Развлек меня про гильотину анекдотом,
Назвав ее карикатурой на топор:
«Как много миру дал голов французский двор!..»
И посочувствовал наивным гугенотам.
Жалел о том, что кол в России упразднен,
Был оживлен и сыпал датами привычно,
Он знал доподлинно — кто, где и как казнен,
И горевал о тех, над кем работал лично.
"Раньше, — он говорил, —
Я дровишки рубил,
Я и стриг, я и брил,
И с ружьишком ходил.
Тратил пыл в пустоту
И губил свой талант,
А на этом посту
Повернулось на лад".
Некстати вспомнил дату смерти Пугачева,
Рубил — должно быть, для наглядности, — рукой.
А в то же время знать не знал, кто он такой, —
Невелико образованье палачево.
Парок над чаем тонкой змейкой извивался,
Он дул на воду, грея руки о стекло.
Об инквизиции с почтеньем отозвался
И об опричниках — особенно тепло.
Мы гоняли чаи —
Вдруг палач зарыдал —
Дескать, жертвы мои
Все идут на скандал.
"Ах, вы тяжкие дни,
Палачева стерня.
Ну за что же они
Ненавидят меня?"
Он мне поведал назначенье инструментов.
Все так не страшно — и палач как добрый врач.

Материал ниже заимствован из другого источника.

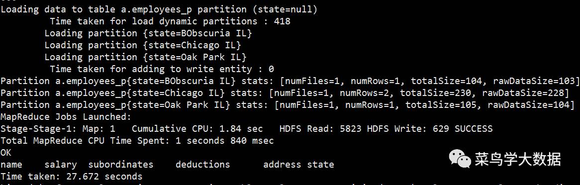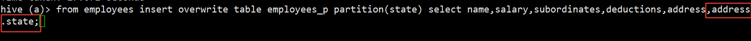 from employees insert overwrite table employees_p partition(state) select name,salary,subordinates,deductions,address,address.state;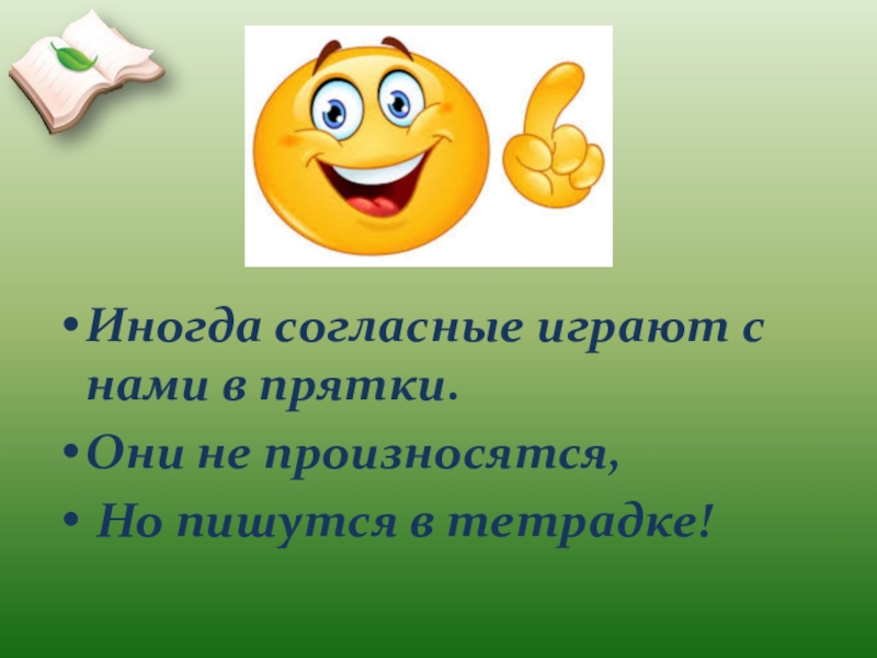 Иногда согласные играют с нами в прятки. Они не произносятся, Но пишутся в тетрадке!

"Но на работе до поры все это прячь,
Чтоб понапрасну не нервировать клиентов.
Бывает, только его в чувство приведешь, —
Водой окатишь и поставишь Оффенбаха, —
А он примерится, когда ты подойдешь,
Возьмет и плюнет — и испорчена рубаха".
Накричали речей
Мы за клан палачей.
Мы за всех палачей
Пили чай — чай ничей.
Я совсем обалдел,
Чуть не лопнул, крича.
Я орал: "Кто посмел
Обижать палача!.."
Смежила веки мне предсмертная усталость.
Уже светало, наше время истекло.
Но мне хотя бы перед смертью повезло —
Такую ночь провел, не каждому досталось!
Он пожелал мне доброй ночи на прощанье,
Согнал назойливую муху мне с плеча…
Как жаль, недолго мне хранить воспоминанье
И образ доброго чудного палача.
x x x
Упрямо я стремлюсь ко дну,
Дыханье рвется, давит уши.
Зачем иду на глубину?
Чем плохо было мне на суше?
Там, на земле, — и стол, и дом.
Там — я и пел, и надрывался.
Я плавал все же, хоть с трудом,
Но на поверхности держался.
Линяют страсти под луной
В обыденной воздушной жиже,
А я вплываю в мир иной, —
Тем невозвратнее, чем ниже.
Дышу я непривычно — ртом.
Среда бурлит — плевать на среду!
Я погружаюсь, и притом —
Быстрее — в пику Архимеду.
Я потерял ориентир,
Но вспомнил сказки, сны и мифы.
Я открываю новый мир,
Пройдя коралловые рифы.
Коралловые города…
В них многорыбно, но не шумно —
Нема подводная среда,
И многоцветна, и разумна.
Где ты, чудовищная мгла,
Которой матери стращают?
Светло, хотя ни факела,
Ни солнца мглу не освещают.
Все гениальное и не-
Допонятое — всплеск и шалость —
Спаслось и скрылось в глубине!
Все, что гналось и запрещалось…
Дай Бог, я все же дотону,
Не дам им долго залежаться.
И я вгребаюсь в глубину,
И все труднее погружаться.
Под черепом — могильный звон,
Давленье мне хребет ломает, —
Вода выталкивает вон
И глубина не принимает.
Я снял с острогой карабин,
Но камень взял — не обессудьте! —
Чтобы добраться до глубин,
До тех пластов — до самой сути.
Я бросил нож — не нужен он:
Там нет врагов, там все мы люди,
Там каждый, кто вооружен,
Нелеп и глуп, как вошь на блюде.
Сравнюсь с тобой, подводный гриб,
Забудем и чины, и ранги.
Мы снова превратились в рыб,
И наши жабры — акваланги.
Нептун — ныряльщик с бородой,
Ответь и облегчи мне душу:
Зачем простились мы с водой,
Предпочитая влаге сушу?
Меня сомненья — черт возьми! —
Давно буравами сверлили:
Зачем мы сделались людьми?
Зачем потом заговорили?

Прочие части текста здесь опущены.